Юрген подполз к средней бойнице и сбил ивана автоматной очередью. Хорошо, конечно, но откуда он там взялся?! И где появится следующий? Он не сможет один держать под прицелом все бойницы и проем. Пора отходить. Юрген бросил последнюю гранату в проем и, согнувшись, опрометью бросился к проходу в соседний каземат.
— В башне — всё! — крикнул он, вбегая в каземат. — Все! — уточнил он. — Нужно подкрепление!

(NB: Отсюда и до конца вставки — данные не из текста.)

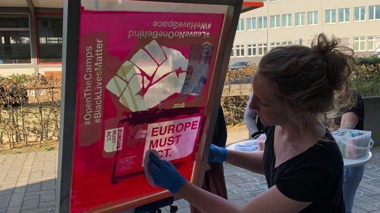 Vor dem Unterhaus (Friedrich-Karl-Str.4) könnt am Samstag von 14-18 Uhr lernen, wie Siebdruck funktioniert und euch eure eigene, selbstbedruckte Alltagsmaske mitnehmen, mit einem starken Statement (Europe Must Act). Weiße Masken und Farbe/Arbeitsmaterial stellen wir.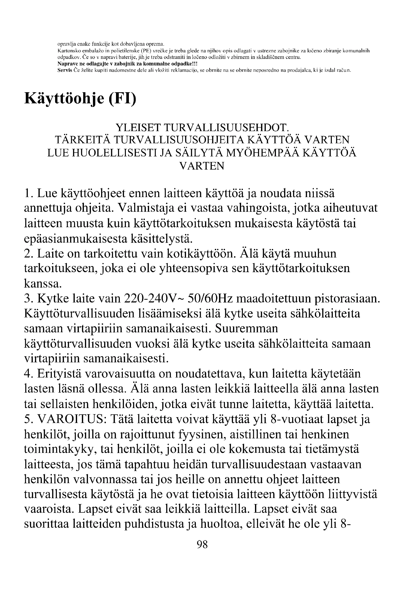 Ympäristön suojelemiseksi. Tietoja sähkö- ja elektroniikkalaiteromusta Syyskuun 11. päivänä 2015 annetun sähkö- ja elektroniikkalaiteromusta annetun lain 13 §:n 1 ja 2 momentin mukaisesti haluamme tiedottaa sinua sähkö- ja elektroniikkalaiteromun asianmukaisesta käsittelystä: 1. Sähkö- ja elektroniikkalaiteromua ei saa sijoittaa muun jätteen joukkoon - tämä vahvistetaan merkinnällä "yliviivatun roskiksen" muodossa, jossa määrätään tämäntyyppisen jätteen valikoivasta keräyksestä. 2. Sähkö- ja elektroniikkalaitteet voivat sisältää vaarallisia aineita, seoksia ja komponentteja, jotka ympäristöön joutuessaan voivat aiheuttaa vakavan uhan ihmisten ja elävien organismien terveydelle ja elämälle. Ne voivat aiheuttaa lukuisia terveysongelmia, kuten näkö-, kuulo- ja puhehäiriöitä, ja ne voivat myös vahingoittaa munuaisia, maksaa ja sydäntä sekä aiheuttaa ihosairauksia. Haitallisilla aineilla voi olla myös haitallisia vaikutuksia hengitys- ja lisääntymisjärjestelmiin ja ne voivat aiheuttaa syöpämuutoksia. Saastuneella maaperällä kasvavien kasvien ja niistä saatavien tuotteiden nauttiminen voi aiheuttaa edellä mainittuja terveysvaikutuksia. 3. Sähkö- ja elektroniikkalaiteromu on luovutettava ainoastaan valtuutettuihin keräyspisteisiin, joista on luettelo kunkin kunnan verkkosivustolla. 4. Kotitalouksilla on tärkeä rooli jätelaitteiden uudelleenkäytön ja hyödyntämisen, myös kierrätyksen, edistämisessä. Kotitalouksilla on myös keskeinen asema sähkö- ja elektroniikkalaiteromun jätehuoltojärjestelmässä, koska ne voivat toimittaa sähkö- ja elektroniikkalaitteet suoraan valtuutettuihin keräyspisteisiin ja koska ne poistavat ei-toivotut sosiaaliset tottumukset, jotka johtavat laitteiden jättämiseen paikkoihin, joita ei ole tarkoitettu tällaiseen tarkoitukseen. Lisäksi Palauta sähkö- ja elektroniikkaromu toimituspaikalle. Kun jakelija toimittaa kotitalouksille tarkoitettuja laitteita ostajalle, jakelijan on otettava kotitalouksilta käytetyt laitteet maksutta takaisin niiden toimituspaikassa edellyttäen, että käytetyt laitteet ovat samantyyppisiä ja toimivat samoilla toiminnoilla kuin toimitetut laitteet. Pahvipakkaukset ja polyeteenipussit (PE-pussit) on sijoitettava asianmukaisiin astioihin yhdyskuntajätteen erilliskeräystä varten niiden kuvauksen mukaisesti. Jos laitteessa on paristoja, ne on poistettava ja hävitettävä erikseen keräys- ja varastointilaitoksessa. Älä hävitä laitetta yhdyskuntajäteastiaan!!!! Huolto Jos haluat hankkia varaosia tai tehdä reklamaation, ota yhteyttä osoitteeseen ota yhteyttä suoraan kuitin antaneeseen jälleenmyyjään. Instrukcja obsługi (PL) OGÓLNE WARUNKI BEZPIECZEŃSTWA. WAŻNE INSTRUKCJE DOTYCZĄCE BEZPIECZEŃSTWA UŻYTKOWANIA PRZECZYTAJ UWAŻNIE I ZACHOWAJ NA PRZYSZŁOŚĆ104

Подкрепления он не дождался. Его просто неоткуда было взять. Солдаты, бывшие в каземате, и так сражались из последних сил. Их тоже оставалось немного. Лишь двое сместились к проходу, залегли с двух сторон, держа под прицелом проем в противоположном конце башни.

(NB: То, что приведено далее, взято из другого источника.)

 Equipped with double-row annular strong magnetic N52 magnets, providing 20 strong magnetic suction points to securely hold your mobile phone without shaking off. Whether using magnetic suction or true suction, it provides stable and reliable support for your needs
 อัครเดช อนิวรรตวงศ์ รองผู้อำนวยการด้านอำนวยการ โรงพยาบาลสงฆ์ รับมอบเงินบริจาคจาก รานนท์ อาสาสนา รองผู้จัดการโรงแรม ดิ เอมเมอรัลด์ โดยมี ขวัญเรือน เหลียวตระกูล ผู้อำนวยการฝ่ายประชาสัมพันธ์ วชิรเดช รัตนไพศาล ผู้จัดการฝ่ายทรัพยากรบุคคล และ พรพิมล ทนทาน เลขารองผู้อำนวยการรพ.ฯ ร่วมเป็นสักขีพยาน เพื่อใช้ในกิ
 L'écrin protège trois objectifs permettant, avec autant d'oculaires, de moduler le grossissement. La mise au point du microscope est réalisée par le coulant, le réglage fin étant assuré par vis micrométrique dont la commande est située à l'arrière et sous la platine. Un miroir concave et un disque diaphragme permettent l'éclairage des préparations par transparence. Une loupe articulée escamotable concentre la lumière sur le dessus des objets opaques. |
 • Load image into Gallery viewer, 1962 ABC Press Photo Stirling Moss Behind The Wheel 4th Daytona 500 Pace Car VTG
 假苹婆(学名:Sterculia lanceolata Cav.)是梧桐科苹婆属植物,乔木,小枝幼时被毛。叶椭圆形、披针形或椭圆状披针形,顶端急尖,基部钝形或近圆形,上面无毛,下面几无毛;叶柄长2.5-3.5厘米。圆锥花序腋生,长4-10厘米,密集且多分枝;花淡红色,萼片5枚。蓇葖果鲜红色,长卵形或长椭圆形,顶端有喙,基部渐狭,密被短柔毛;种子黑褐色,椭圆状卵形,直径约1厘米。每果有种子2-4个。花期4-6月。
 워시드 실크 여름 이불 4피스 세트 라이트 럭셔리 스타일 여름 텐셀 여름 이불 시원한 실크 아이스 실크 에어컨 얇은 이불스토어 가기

— Юрген! — донесся сквозь стрекот немецких и русских автоматов крик Красавчика.
Юрген поспешил на зов товарища. Тот попусту кричать не будет. Что-то случилось. Он прошел через каземат, бывший одним из жилых помещений их казармы. Теперь там был госпиталь. Единственный оставшийся в живых санитар метался от одних нар к другим. Но он мог только поправить сползающие, пропитанные кровью повязки, да смочить губы раненых водой из фляжки. В следующем каземате все нары были разломаны, из них сделали подобие баррикады перед лестницей, идущей снизу. У баррикады лежали солдаты и стреляли в импровизированные амбразуры. Вот один залез на самый верх и швырнул в напирающих иванов гранату. Это ему дорого обошлось — автоматная очередь едва не перерезала ему руку. Солдат скатился вниз, разбрызгивая кровь во все стороны. Зельцер, вспомнил его фамилию Юрген, настоящий солдат, разжалован из фельдфебелей за отступление под Майкопом. Солдат с трудом поднялся на ноги и заковылял в сторону госпитального каземата, баюкая раненую руку. Над баррикадой прошла еще одна очередь, пули впивались в потолок. Юрген, пригнувшись, пересек бегом каземат и вошел в следующее помещение.
Навстречу ему шли Красавчик с Брейтгауптом, сгибавшиеся под тяжестью тела капитана Росселя. Волочившиеся по полу ноги Росселя оставляли за собой кровавый след. Они затащили капитана в небольшое выгороженное помещение у внешней стены казармы, превращенное в штаб роты, положили его на нары.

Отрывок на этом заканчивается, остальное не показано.